Global modeling of the mesoscale buildup of the ring current and its role in magnetosphere-ionosphere coupling

During geomagnetically active periods plasma is transported from the magnetotail into the inner magnetosphere to become the ring current. The transpot of plasma into the ring current occurs at different spatial and temporal scales, from global quasi-steady convection to bursty bulk flows (BBFs), with typical cross-tail extents of 1-3 Earth radii. During its enhancement, the ring current plays a critical role in magnetosphere-ionosphere coupling. Ring current ions build up plasma pressure in the inner magnetosphere and will drive field-aligned currents which must close in the ionosphere, while electrons will lead to diffuse precipitation and enhanced ionospheric conductance which shape the ionospheric path of current closure. Current closure in the ionosphere will couple to the thermospheric neutral population, via Joule heating, and alter the dynamics of the plasmasphere, via the penetration electric field in the inner magnetosphere. 

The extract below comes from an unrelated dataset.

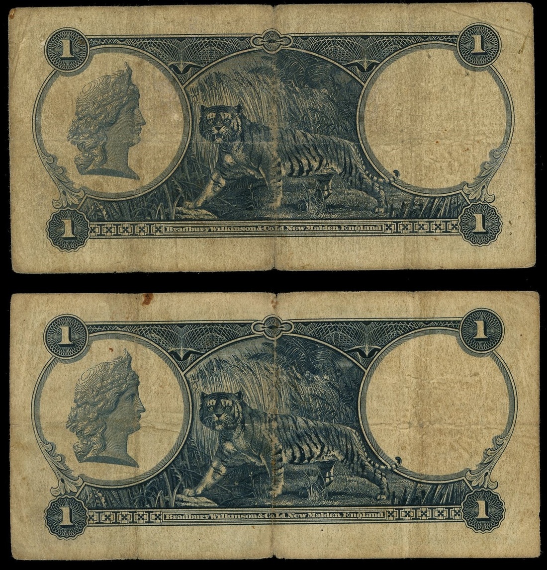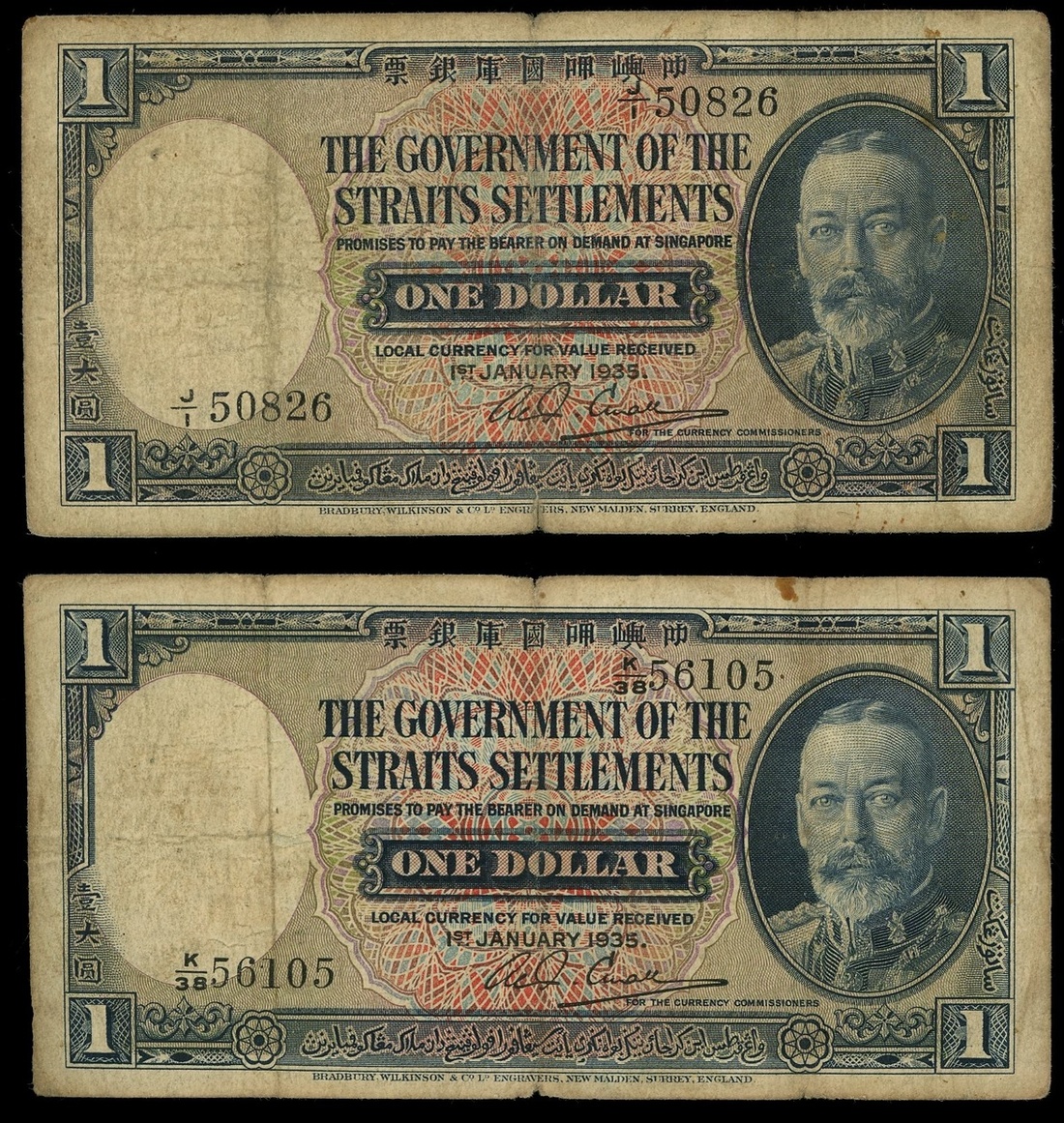 1935年海峽殖民地1元一對,編號K/38 56105 及 J/1 50826,VG至F品相

Understanding the relative role of convection at different spatial scales in both the buildup of the ring current and its broader effects on geospace coupling is an area of active interest and one of the core science questions of the Center for Geospace Storms. In this talk I will describe how addressing this question has informed the development of the Multiscale Atmosphere Geospace Environment (MAGE) model and highlight several recent modeling studies which illustrate the central role of mesoscale processes.